Солдат растерялся. Схватил ружье, стрельнул. А девка Палашка вдруг умолкла, разинула рот и не знала, куда смотреть: то ли на барина, то ли туда, где на поле, на самом бугре, все еще держалась пыль, и кони – эхма, господские кони! – уносили злодея и ирода Митьку Мышкина.
Прощай, Митька! Счастливого тебе пути и большой удачи!
Жизнь и смерть Гришатки Соколова
Глава первая Фантазии
Первое знакомство
Гришатку Соколова привезли в Оренбург в начале 1773 года.
Жил Гришатка с отцом, с матерью, с дедом Тимофеем Васильевичем и сестренкой Аннушкой в селе Тоцком. За всю свою жизнь дальше Тоцкого не был. А тут на тебе – в Оренбург собирайся!
Село Тоцкое большое, приметное. Около сотни дворов, четыреста душ жителей. Божий храм на пригорке. Погост. Речка журчит Незнайка. Каменный дом купца Недосекина. Каменный дом барского управителя отставного штык-юнкера Хлыстова. Мельница. Избы. Овины. Село Тоцкое и люди, живущие в нем, принадлежали оренбургскому губернатору генерал-поручику немцу Ивану Андреевичу Рейнсдорпу. Он здесь хозяин всему, судья и всему повелитель.
Из тоцких крестьян набиралась в губернаторский дом прислуга: камердинеры, повара, лакеи. В Оренбург в услужение к барину был привезен и Гришатка.
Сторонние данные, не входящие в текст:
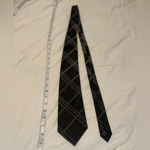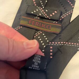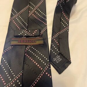 Beautiful 100% silk hand made Ferrucci tie and dark gray with cream and peach accents. Perfect for a black or gray suit. Good preowned condition with no stains or flaws.

Глянул губернатор на мальчика.
– Гут, гут[3], – произнес. – Иди-ка сюда, – поманил он пальцем Гришатку. – Подставляй свой голова.
Гришатка подставил.
Взял губернатор трубку и чубуком Гришатку по темени стук-пристук. Стал выбивать о голову мальчика пепел. Посыпалась табачная труха, а следом за ней вылетел огонек. Припек он Гришатку.
– Ай! – не сдержался мальчик.
– Фи, какой, – поморщился генерал. – Так и знал – дурной он есть, твой голова. – И для первого знакомства отодрал Гришатку за ухо.
Вавила и другие
Поселился Гришатка на первом этаже губернаторского дома в каморке у Вавилы Вязова.
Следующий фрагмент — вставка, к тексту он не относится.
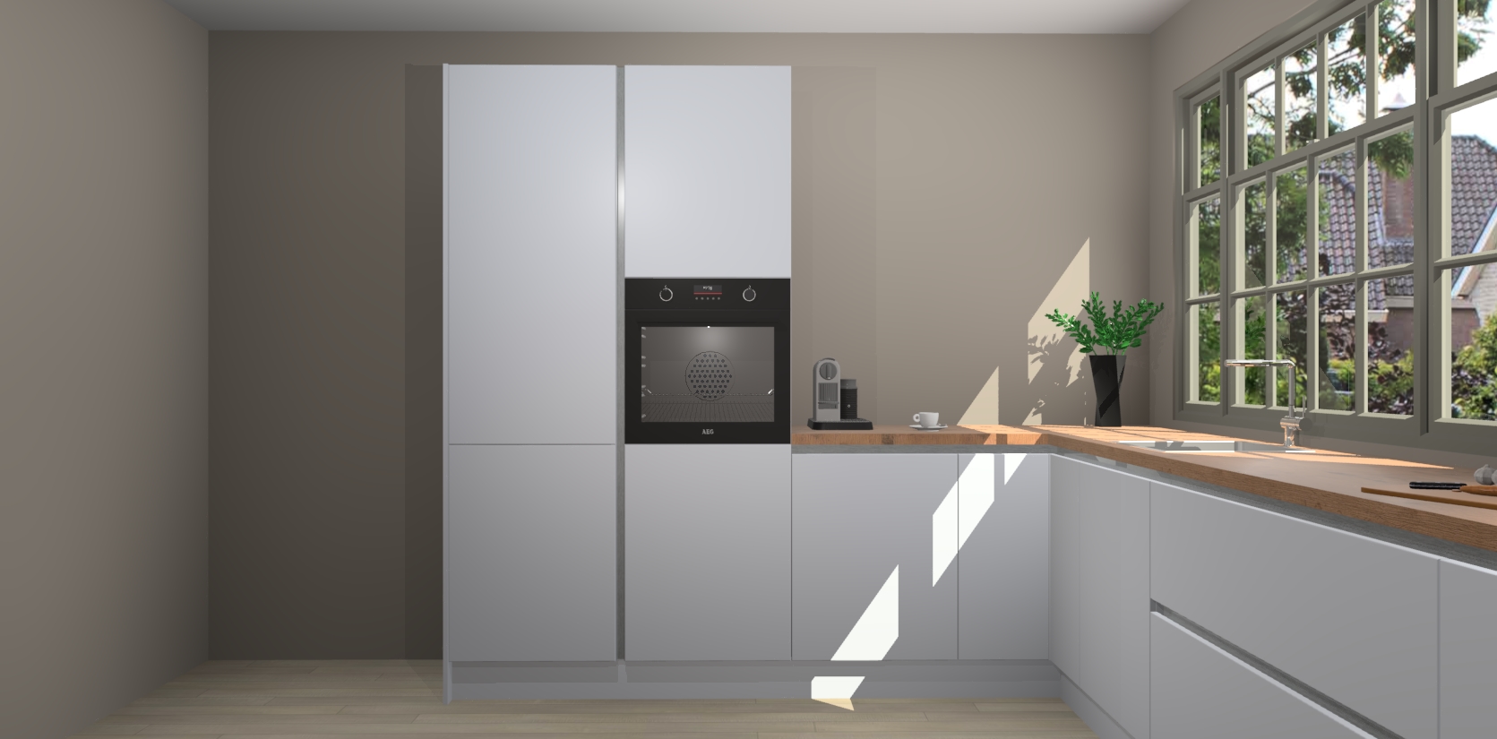 Kom dichtbij de perfecte keuken van uw dromen met de sneeuwwitte greeploze keuken Malaga. Met een prachtige houtlook en eigentijds ontwerp, straalt deze keuken warmte en sfeer uit. Of u nu liefhebber bent van traditionele of moderne stijlen, er is genoeg ruimte om aan al uw behoeften te voldoen.

Вавиле лет двадцать. Он истопник и дровокол здешний. Под лежанкой у него топоры и пилы, в каморке мрак, сырость.
Познакомился Гришатка и с другой барской прислугой. С парикмахером Алексашкой. Озорник Алексашка. В первый же день зазвал он Гришатку к себе в парикмахерский кабинет и завил мальчика.
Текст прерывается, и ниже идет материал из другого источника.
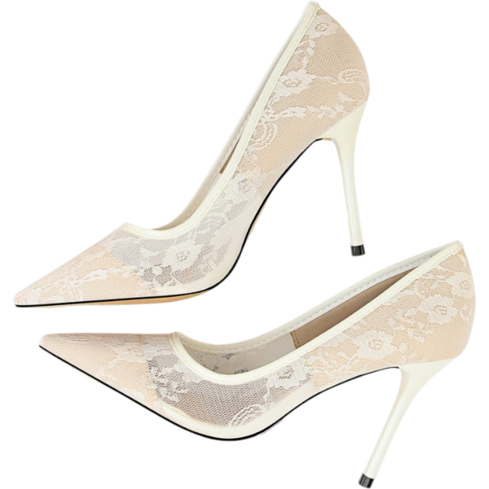> ☆ ホワイト ☆ 39(24.5cm) ☆ レース メッシュ パンプス レースパンプス パンプス ハイヒール メッシュパンプス パーティーパンプス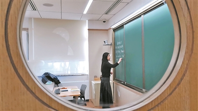 新學(xué)期的第一堂直播課,北京大學(xué)數(shù)學(xué)科學(xué)學(xué)院教師趙玉鳳在教室黑板上書寫數(shù)學(xué)公式。新華社發(fā)
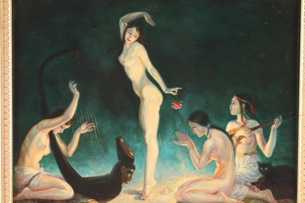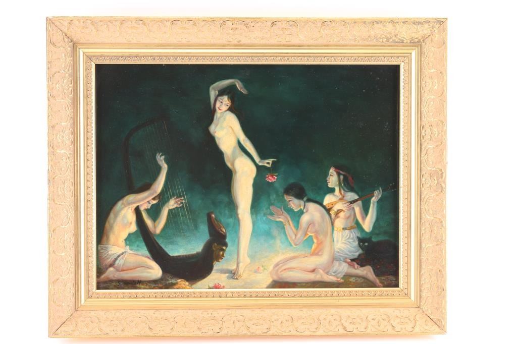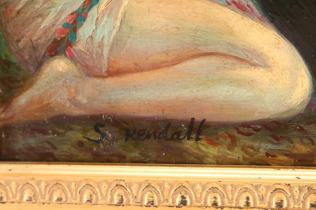 Signed S. Kendall (possibly Sargeant Kendall) in lower left corner. Depicts nude dancers. In gold frame, measures 20" by 15 1/2". Painting measures 15" x 11 1/2".

То-то было для всех потехи.
Повстречался Гришатка и с кухонной судомойкой теткой Степанидой.
– Ой, ой, Ванечка мой из гроба явился, – заголосила Степанида. – Родненький, кровинушка ты моя. – И ну обнимать, целовать и ласкать мальчика. – Ванечка! Ванечка!
Гришатка опешил. Потом-то узнал: лет десять тому назад засек до смерти Степанидиного сынка Ванечку барский управитель Хлыстов. С той поры и впала Степанида в головную болезнь – всех детей за Ванечку принимала.
Затем прибежали дворовые девки – сестры Акулька и Юлька.
– Ох, ох, из Тоцкого! – заверещали они. – Как там папенька наш, как там маменька. Ох, ох, приехал из Тоцкого!
Познакомился Гришатка и с дедом Кобылиным. Как и все, дед тоже из Тоцкого. И его, как Гришатку, привезли однажды в Оренбург. Только было это давным-давно.
Состоял Кобылин при губернаторе в камердинерах и лакеях, а потом, по преклонности лет, был удален от барских покоев и определен в водовозы. Возил он с реки Яика воду в генеральский дом для всякой хозяйственной надобности.
Была у старика и другая обязанность: пороть крепостных. Здорово это у него получалось. Врежет плеткой, словно саблей пройдется.
– У меня талант к этому, – хвастал Кобылин. – Тут в замахе все дело.
Дед принял Гришатку добром. Завел разговор про Тоцкое.
А что рассказать Гришатке? Село как село. Недород четвертое лето. По весне голодуха. Смертей – что грибов в урожайный год.
Барский правитель Хлыстов больно лютует. Нет на него управы.
– Так, так, – поддакивает старик, а сам: – Знаю Хлыстова. Исправно ведет хозяйство. Мужику всыпать, так это же не в помех. Откуда, думаешь, недород? Людишки ленятся – отсюда и недород. Помирают, говоришь, мужички. Эх-эх, воля на то Господня.
Стал дед наставлять Гришатку уму-разуму.
– Наш-то барин – генерал и губернатор, ты смотри ему не перечь. Скажет: «Дурак», отвечай: «Так точно, ваше сиятельство». Съездит тебя по уху – лови, целуй барскую ручку. Так-то оно спокойнее, – объяснял дед Кобылин.
Рассказал Гришатка деду про встречу свою с генералом.
– Эка беда – голову припек, – ответил старик. – А ты улыбайся, словно это тебе в радость. Мал ты, Гришатка, глуп. В жизни приладиться главное. Слушай меня, в люди, даст бог, пробьешься – в лакеи, а то и выше, в самые камердинеры.